In the infant band (<1), the plotted conditions are consistently shifted toward the Mississippi side (negative California - Mississippi differences). This indicates a directional tendency for common early-childhood diagnoses to be more prevalent among Mississippi infants, even if the absolute differences are small.
Moving into ages 1-4 and 5-12, the dots generally compress toward zero and the direction becomes mixed, suggesting that the broad burden of common pediatric conditions is largely comparable across states once children age out of infancy. Where differences do appear, these are condition-specific rather than systematic.
In the teenage band, the plot shifts from “near-identical” to “selectively divergent”. Here differences are larger in magnitude in a few strata, particularly among males, indicating that the state contrast can be pronounced for specific condition categories in older adolescents.

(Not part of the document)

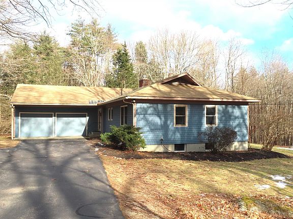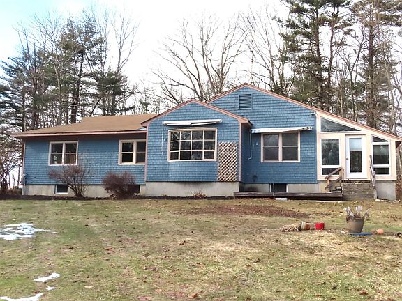 Quality built Ranch, on a scenic paved country road, offering abundant sunshine & southern exposure. Dramatic open concept LR/DR combo with plenty of sunlight, multi-paned bow window, ceiling fan & a handsome gas fireplace. Gas fireplace has a built-in bookcase to the left & enclosed storage on the bottom. Patio slider from the LR/DR into the Sunroom. Dine-in KIT has also been updated with raised panel pine cabinetry, plenty of cabinet storage, stainless steel sink with a drainboard, excellent counter work space, pull-out pantry and walk-in pantry. Kitchen door opens right out into a lovely 3 season sunroom. Sunroom was converted from a screened porch into a delightful room. Primary BDR with twin closets and 3/4 bath. Full 2 section bath off of the main hallway with a Corian counter & tile floor. Separate laundry room. All natural woodwork, handsome stained oak flooring & several pocket doors. Covered entry into the front door with a large coat closet and slate flooring. Attached 2 car garage with a handicap ramp enters into the main entrance hallway. Full dry basement would make a good workshop area.

Overall, we can conclude that the general pediatric morbidity profile is broadly similar between California and Mississippi and the broader pediatric burden appears comparable.
Multi-morbidity is a practical proxy for care complexity: higher condition burden is typically associates with more frequent ED utilization, higher admission probability, longer inpatient length of stay, and higher coordination needs. In this section we seek to quantify how pediatric patients distribute across “condition-burden” strata by state, age band, and gender.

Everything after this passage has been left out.